> [Activity]:
From the data below, return the exact lines starting at the line containing "王彥文模仿學校,在家裡空位用" and ending at the line containing "Take refuge from", both included, and nothing else.

━━ Source information ━━

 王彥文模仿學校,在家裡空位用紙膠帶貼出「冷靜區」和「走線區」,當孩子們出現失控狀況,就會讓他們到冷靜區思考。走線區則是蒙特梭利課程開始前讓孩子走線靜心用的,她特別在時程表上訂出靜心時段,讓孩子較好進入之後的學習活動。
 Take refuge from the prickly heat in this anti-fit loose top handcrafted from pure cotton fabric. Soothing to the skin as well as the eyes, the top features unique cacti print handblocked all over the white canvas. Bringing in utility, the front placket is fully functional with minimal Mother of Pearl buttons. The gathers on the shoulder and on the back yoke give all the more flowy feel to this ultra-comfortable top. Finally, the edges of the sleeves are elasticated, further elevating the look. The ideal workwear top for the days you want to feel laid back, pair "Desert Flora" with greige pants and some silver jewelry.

━━━
━━ Source information ━━

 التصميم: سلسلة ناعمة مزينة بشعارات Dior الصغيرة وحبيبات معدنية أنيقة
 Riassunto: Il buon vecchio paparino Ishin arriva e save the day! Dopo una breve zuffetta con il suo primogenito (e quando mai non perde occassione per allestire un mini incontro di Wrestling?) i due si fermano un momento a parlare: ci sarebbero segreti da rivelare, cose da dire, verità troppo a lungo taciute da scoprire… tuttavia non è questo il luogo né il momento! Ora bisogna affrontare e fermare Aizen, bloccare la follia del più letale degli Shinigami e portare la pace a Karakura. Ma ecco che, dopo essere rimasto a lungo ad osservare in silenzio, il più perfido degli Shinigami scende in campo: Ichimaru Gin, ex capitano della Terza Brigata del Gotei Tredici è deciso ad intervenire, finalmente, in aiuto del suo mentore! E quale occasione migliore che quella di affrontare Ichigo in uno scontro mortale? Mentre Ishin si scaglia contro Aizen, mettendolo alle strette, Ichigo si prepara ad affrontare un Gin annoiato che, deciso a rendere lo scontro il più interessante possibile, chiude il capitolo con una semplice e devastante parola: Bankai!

━━━
━━ Source information ━━

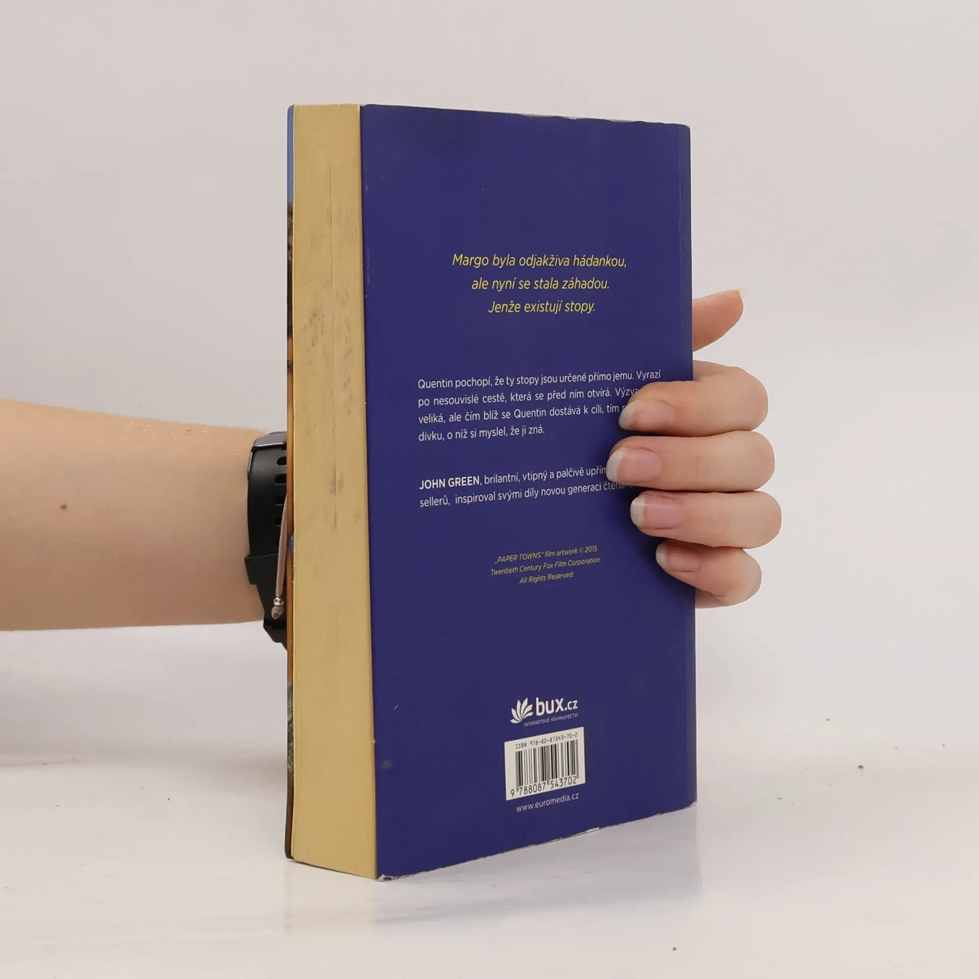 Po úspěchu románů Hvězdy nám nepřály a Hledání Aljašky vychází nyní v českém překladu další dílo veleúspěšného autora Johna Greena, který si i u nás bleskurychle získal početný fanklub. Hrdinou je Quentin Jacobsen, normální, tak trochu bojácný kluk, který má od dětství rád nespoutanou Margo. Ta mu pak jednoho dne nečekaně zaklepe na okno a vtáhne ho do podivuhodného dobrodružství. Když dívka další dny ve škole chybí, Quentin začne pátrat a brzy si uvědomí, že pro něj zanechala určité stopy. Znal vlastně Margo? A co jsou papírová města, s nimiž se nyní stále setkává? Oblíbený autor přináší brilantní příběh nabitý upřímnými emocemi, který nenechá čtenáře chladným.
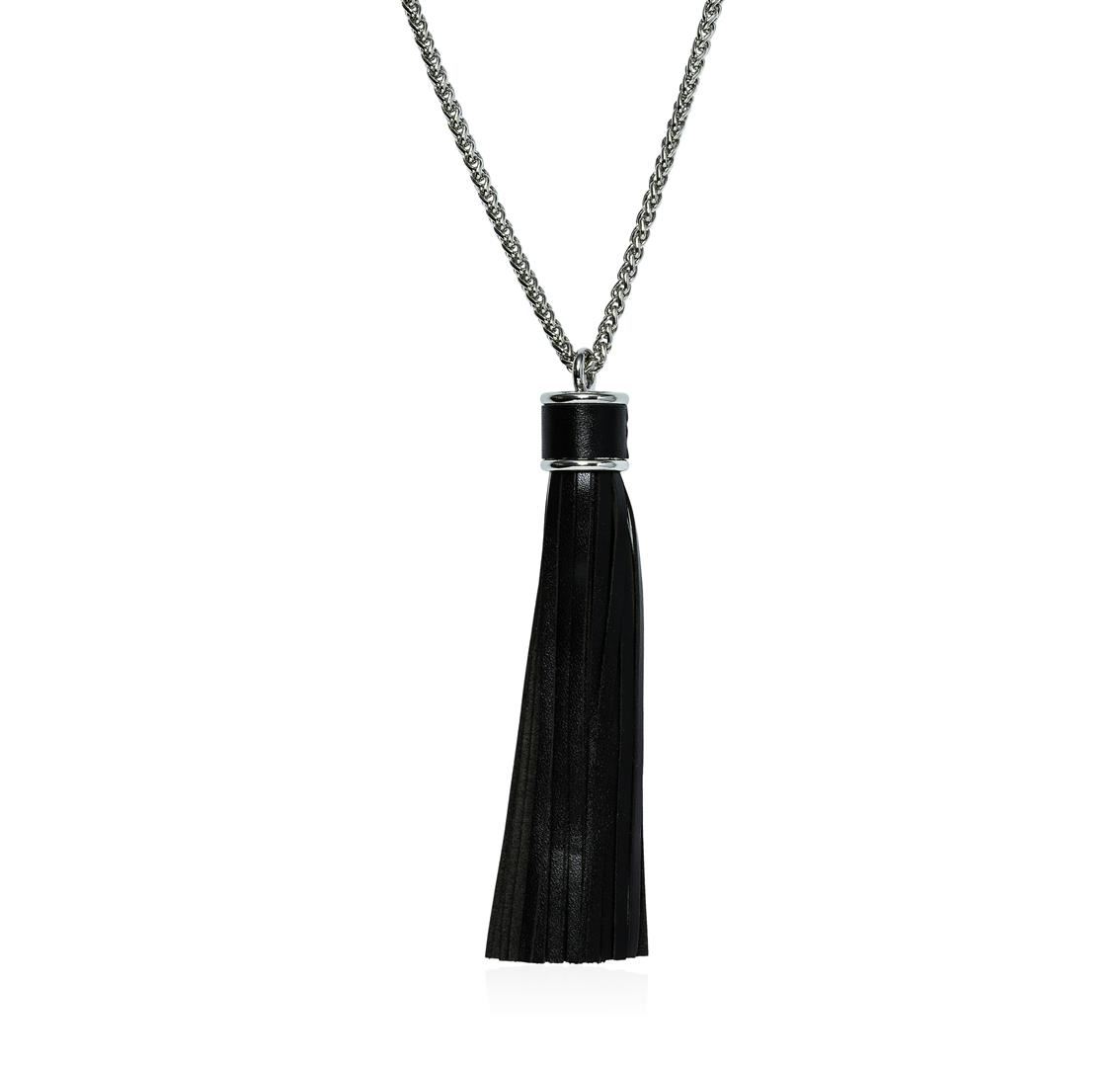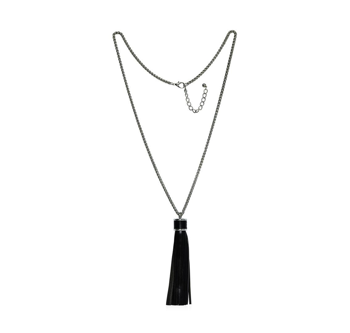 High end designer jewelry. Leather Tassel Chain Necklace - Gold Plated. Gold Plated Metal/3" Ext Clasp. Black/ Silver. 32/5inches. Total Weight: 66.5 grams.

━━━

> [Response box]:
 王彥文模仿學校,在家裡空位用紙膠帶貼出「冷靜區」和「走線區」,當孩子們出現失控狀況,就會讓他們到冷靜區思考。走線區則是蒙特梭利課程開始前讓孩子走線靜心用的,她特別在時程表上訂出靜心時段,讓孩子較好進入之後的學習活動。
 Take refuge from the prickly heat in this anti-fit loose top handcrafted from pure cotton fabric. Soothing to the skin as well as the eyes, the top features unique cacti print handblocked all over the white canvas. Bringing in utility, the front placket is fully functional with minimal Mother of Pearl buttons. The gathers on the shoulder and on the back yoke give all the more flowy feel to this ultra-comfortable top. Finally, the edges of the sleeves are elasticated, further elevating the look. The ideal workwear top for the days you want to feel laid back, pair "Desert Flora" with greige pants and some silver jewelry.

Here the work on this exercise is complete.